Cindy Sherman is a film star. Actually, she’s loads of film stars. She’s a reclining blonde looking wistfully into the distance, a slight redhead in a robe, a blushing bride and a raven haired beauty. She’s also three country sisters and their mother, she’s a group of four near-identical stars. It’s seriously creepy.
For 35 years, Sherman has been the subject of her own work. She’s transformed herself into an endlessly rotating series of characters. She mocks, twists and undermines femininity and gender roles, and in this show of recent work, she’s become a bunch of fictional pre-war film stars.
Each character sits against a digital background, like they’re posing in a promo shot for a non-existent film. They have all the hallmarks you think old female film stars should have. Some are homely, gentle, safe and cutesy – geriatric Judy Garlands – but most have a menace to them. They look like old alcoholic stars, long past their prime, wishing their lives away on a divan, dreaming of their departed lovers. Their star quality has dimmed. Are these photoshoots goodbyes?
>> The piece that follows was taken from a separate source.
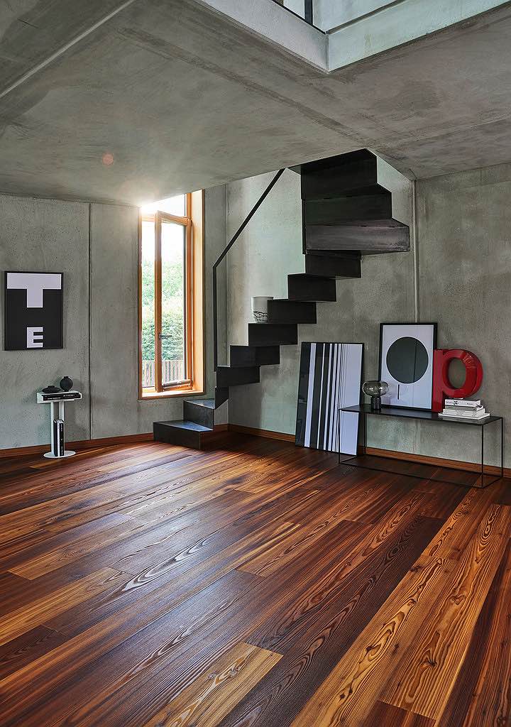 Der natürliche und besondere Charakter der Parkettböden wird durch die gebürstete Oberflächenstruktur hervorgehoben und durch die Oberflächenveredelung mit Naturöl, Lack oder Mattlack geschützt.

You imagine a big bottle of piles and a glass of whisky waiting in the background. Tragic figures, nostalgic and vain.
By mocking those ideas, by dragging them out into the open by the hair, Sherman is giving a good two fingers up at the idea of all of that. Those boohoo classic tragedies are dismantled here, dismissed outright. It’s classic, humorous, creepy, angry Cindy Sherman.